Step Output Filters
Any step that extends the abstract Step
class shipped with
the package, has the where()
and orWhere()
methods to
filter its outputs. Here's an example how to use it:
$json = <<<JSON
{
"queenAlbums": [
{ "title": "Queen", "year": 1973, "charts": { "uk": 24, "us": 83 } },
{ "title": "Queen II", "year": 1974, "charts": { "uk": 5, "us": 49 } },
{ "title": "A Night at the Opera", "year": 1975, "charts": { "uk": 1, "us": 4 } },
{ "title": "A Day at the Races", "year": 1976, "charts": { "uk": 1, "us": 5 } },
{ "title": "The Game", "year": 1980, "charts": { "uk": 1, "us": 1 } },
{ "title": "A Kind of Magic", "year": 1986, "charts": { "uk": 1, "us": 46 } }
]
}
JSON;
$crawler = new MyCrawler();
$crawler->input($json);
$crawler->addStep(
Json::each('queenAlbums', ['title', 'year', 'chartsUK' => 'charts.uk', 'chartsUS' => 'charts.us'])
->where('year', Filter::greaterThan(1979))
->where('chartsUS', Filter::equal(1))
);
As you can see, you always need to provide a Filter
object.
But that shouldn't be too complicated, as there is a static
method for any available filter on that class.
In the example, the result will be only the album "The Game", as it's the only one from the list from after 1979 and reaching #1 in the US charts.
The first parameter is the key in the step's output array
(or object). If the step outputs only a single, non
array/object value, you can just give it only the Filter
:
$crawler->addStep(
Html::getLink('.linkClass')
->where(Filter::urlDomain('crwlr.software'))
);
As mentioned, there is also orWhere
. So in the same
example as above you can also do:
$crawler->addStep(
Json::each('queenAlbums', ['title', 'year', 'chartsUK' => 'charts.uk', 'chartsUS' => 'charts.us'])
->where('year', Filter::greaterThan(1979))
->where('chartsUS', Filter::equal(1))
->orWhere('chartsUK', Filter::equal(1))
);
This will also get "A Kind of Magic" as it was #1 in UK.
Available Filters
Comparison Filters
Filter::equal(mixed $toValue);
Filter::notEqual(mixed $value);
Filter::greaterThan(mixed $value);
Filter::greaterThanOrEqual(mixed $value);
Filter::lessThan(mixed $value);
Filter::lessThanOrEqual(mixed $value);
String Filters
Filter::stringContains(string $string); // uses PHP's str_contains()

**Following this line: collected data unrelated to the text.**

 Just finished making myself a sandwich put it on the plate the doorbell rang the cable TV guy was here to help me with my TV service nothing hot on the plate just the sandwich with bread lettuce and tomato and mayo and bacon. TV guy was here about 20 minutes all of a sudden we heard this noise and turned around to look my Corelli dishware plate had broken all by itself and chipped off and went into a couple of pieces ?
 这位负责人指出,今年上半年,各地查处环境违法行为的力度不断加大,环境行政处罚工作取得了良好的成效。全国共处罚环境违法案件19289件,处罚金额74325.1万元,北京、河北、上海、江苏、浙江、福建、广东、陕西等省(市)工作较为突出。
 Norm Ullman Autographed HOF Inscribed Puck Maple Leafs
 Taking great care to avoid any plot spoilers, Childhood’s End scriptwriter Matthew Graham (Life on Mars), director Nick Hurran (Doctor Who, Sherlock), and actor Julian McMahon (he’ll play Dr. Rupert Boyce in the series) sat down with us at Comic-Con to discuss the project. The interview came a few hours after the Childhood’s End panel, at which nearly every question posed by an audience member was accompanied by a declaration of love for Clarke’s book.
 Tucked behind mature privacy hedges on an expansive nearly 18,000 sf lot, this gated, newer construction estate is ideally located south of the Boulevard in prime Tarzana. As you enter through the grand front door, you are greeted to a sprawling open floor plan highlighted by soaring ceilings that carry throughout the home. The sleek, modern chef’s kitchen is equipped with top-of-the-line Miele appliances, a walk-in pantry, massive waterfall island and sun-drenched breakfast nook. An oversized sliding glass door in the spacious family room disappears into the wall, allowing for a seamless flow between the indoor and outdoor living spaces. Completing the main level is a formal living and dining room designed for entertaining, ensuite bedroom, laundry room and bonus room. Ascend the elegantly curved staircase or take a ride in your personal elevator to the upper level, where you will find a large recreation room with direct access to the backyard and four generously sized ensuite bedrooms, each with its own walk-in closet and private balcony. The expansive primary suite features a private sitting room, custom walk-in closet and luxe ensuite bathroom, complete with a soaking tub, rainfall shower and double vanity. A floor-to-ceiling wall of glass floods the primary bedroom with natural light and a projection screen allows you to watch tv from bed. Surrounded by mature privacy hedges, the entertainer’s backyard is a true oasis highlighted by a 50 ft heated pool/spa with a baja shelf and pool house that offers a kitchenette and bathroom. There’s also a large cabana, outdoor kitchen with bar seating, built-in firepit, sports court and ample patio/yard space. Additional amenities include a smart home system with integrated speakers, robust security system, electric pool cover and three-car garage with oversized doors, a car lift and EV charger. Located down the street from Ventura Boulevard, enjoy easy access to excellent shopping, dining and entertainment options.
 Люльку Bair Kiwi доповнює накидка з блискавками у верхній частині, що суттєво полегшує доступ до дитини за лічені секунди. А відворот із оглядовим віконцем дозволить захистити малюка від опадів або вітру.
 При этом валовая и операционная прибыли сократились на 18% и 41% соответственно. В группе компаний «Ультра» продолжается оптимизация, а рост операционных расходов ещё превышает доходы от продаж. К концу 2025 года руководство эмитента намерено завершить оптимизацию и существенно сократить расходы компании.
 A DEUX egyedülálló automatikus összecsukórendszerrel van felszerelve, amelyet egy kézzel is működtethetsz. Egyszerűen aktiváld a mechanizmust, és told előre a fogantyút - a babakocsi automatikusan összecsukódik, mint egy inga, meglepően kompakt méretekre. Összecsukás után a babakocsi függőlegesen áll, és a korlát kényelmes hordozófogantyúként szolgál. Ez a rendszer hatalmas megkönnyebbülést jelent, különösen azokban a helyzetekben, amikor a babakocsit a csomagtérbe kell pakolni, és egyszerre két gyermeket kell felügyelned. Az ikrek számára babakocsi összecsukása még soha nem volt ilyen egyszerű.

Filter::stringStartsWith(string $string) // str_starts_with()
Filter::stringEndsWith(string $string) // str_ends_with()
Url filters
Filter::urlScheme(string $scheme); // e.g. http, https, ftp,...
Filter::urlHost(string $host); // www.crwlr.software
Filter::urlDomain(string $domain); // crwlr.software
Filter::urlPath(string $path); // /exact/path
Filter::urlPathStartsWith(string $pathStart); // /foo